As an employee, you may be asked to sign an NDA as a condition of employment, as part of a severance package, as part of a settlement agreement or in a personal context.
· Check for liquidated damages provisions which specify a cash amount an employee must pay per breach of an NDA. If the number is very high, it may create a dynamic where employees are terrified to come forward even about illegal company behavior because they are afraid of being sued. Courts may throw out a provision where the damages/penalties for violating the agreement are much greater than the harm caused to the company when the agreement is violated.
· Time limits that go on for your entire lifetime are overreaching and should raise a red flag. They may be considered reasonable by a court if they are for a shorter period of time, but that will vary by state.

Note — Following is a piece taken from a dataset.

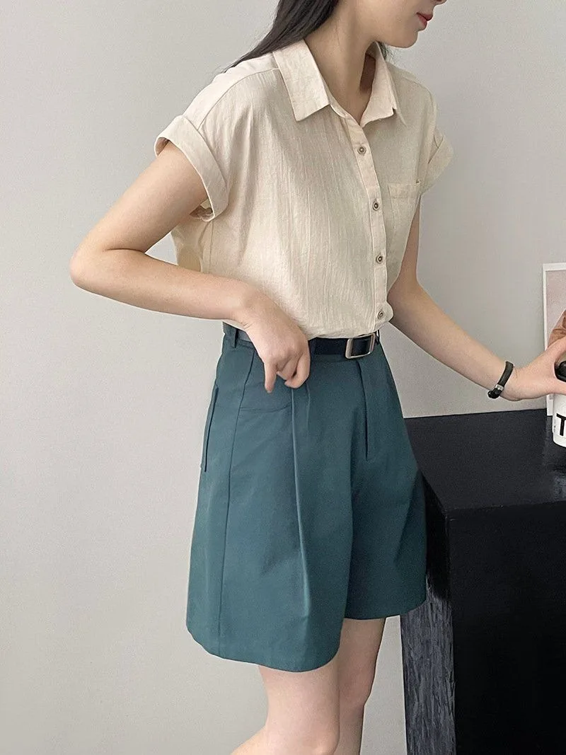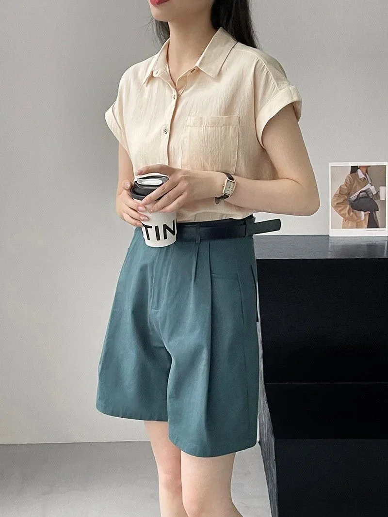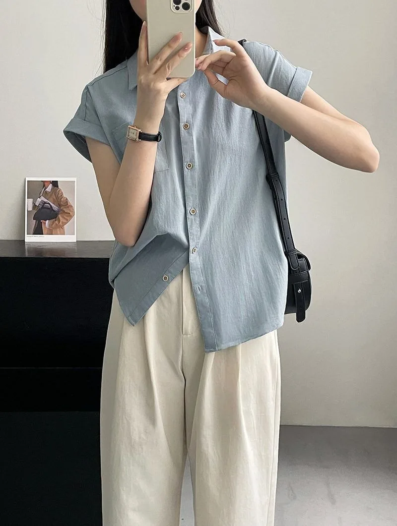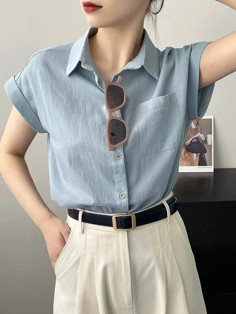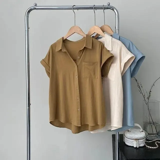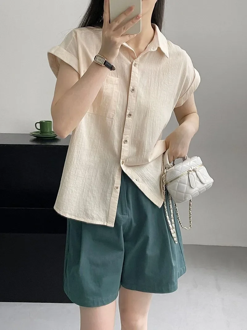 Women's Korean Version of Loose Short-sleeved Polo Shirt Chiffon Lapel Shirt Summer New Fashion Tops Thin Shirt Button Cardigan

· Forced arbitration clauses or clauses requiring private and confidential arbitration rather than in a public court of law. While those clauses may be legal to include, you should be aware of what they mean.
If what you are told is different from what you see in the written agreement, you need to clarify before signing because the written agreement is binding. Additionally, if the NDA prevents you from bringing discrimination or harassment claims to the proper authority than the NDA is unenforceable.

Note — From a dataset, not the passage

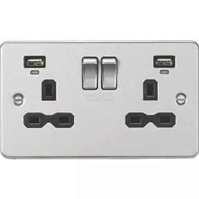 Be the first to review “Knightsbridge FPR9904NBC 13A 2-Gang SP Switched Socket + 2.4A 2-Outlet Type A USB Charger Brushed Chrome with Black Inserts” Cancel reply

If you are unsure about the terms of your agreement, you should speak with a lawyer for further clarification.
“Nothing prevents [Your Name] from using his/her own generalized skill, knowledge or expertise that he/she already had, or is publicly available.”

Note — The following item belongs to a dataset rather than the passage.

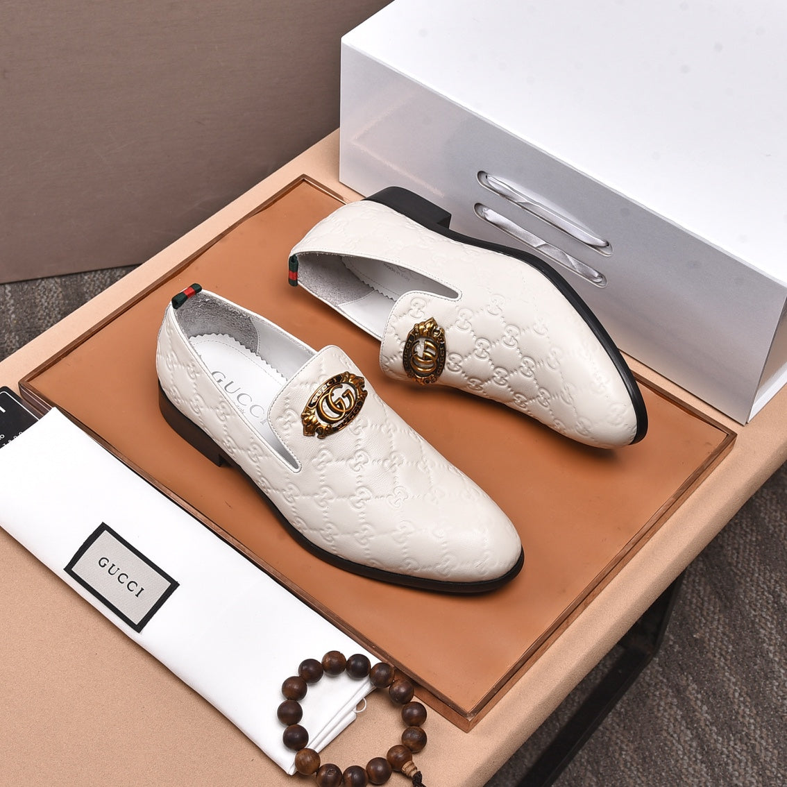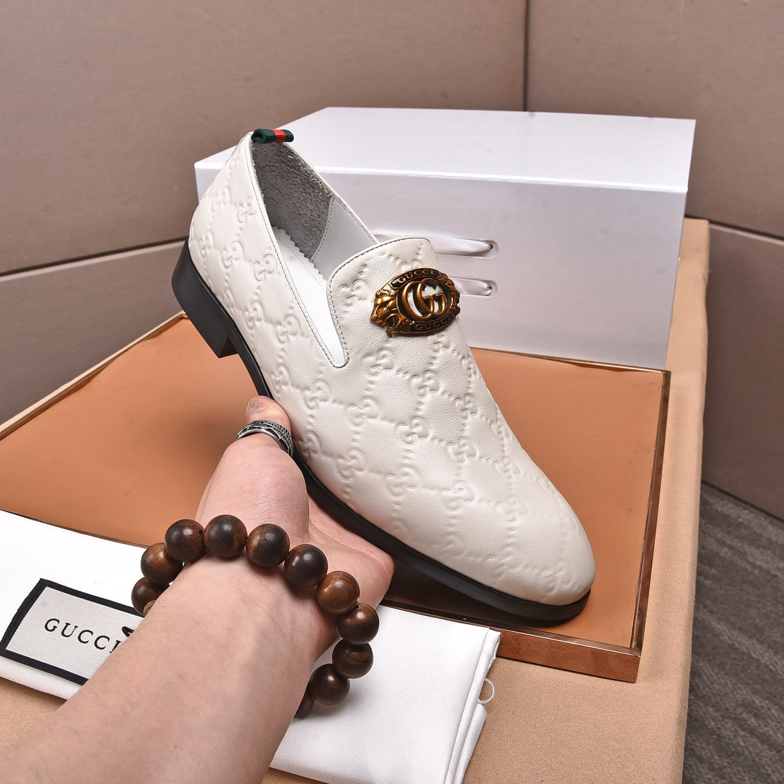 GG Men's Interlocking GG Loafer White Embossed Cowhide 480401

Including this clause in an NDA puts the burden on the employer to prove what you already knew in the case of an alleged breach.
· Any information that employee has prior knowledge of or gained from sources other than their employer
· Any information that is common knowledge in a field
Additionally, an NDA is not meant to protect a company from doing something illegal. If your company has unethical or illegitimate business practices, you still have a right to whistleblow (inform) to proper authorities.
An NDA also cannot prohibit an employee from filing a sexual harassment complaint with the Equal Employment Opportunity Commission.
A unilateral NDA is more commonly used. It is used when a business or employer discloses information to their employee, and the employee receives the information and agrees to keep the information confidential.
A mutual NDA is used when the two parties agree keep confidential each other’s information. The mutual NDA is generally used between businesses.
A nondisparagement clause generally prevents an employee from saying anything negative about the company, even on social media. Nondisparagement clauses have gained popularity in the startup world where they are often used to hide the sexist culture in the tech industry. If you are subject to a nondisparagement clause, it is best not to publicly discuss your employer, and especially not online, where proof of your comments could be saved as evidence of a violation. Consult with an attorney to review the agreement before speaking out, even anonymously.
Some have interpreted this statute to apply to both businesses and individuals. Therefore, under this language of this statute, victims of workplace sexual assault or harassment who settle their claims subject to an NDA, would be prohibited from deducting the portion of their settlement allocated for attorney’s fees, and would have to pay taxes on the entire amount they were given for the settlement.
As a result of this uncertainty, Sen. Robert Menendez has announced plans to introduce legislation clarifying that §162(q) is meant to apply only to businesses/employers. In the meantime, you should consult with a tax attorney or accountant knowledgeable in this area to determine what amounts of your settlement payment are deductible.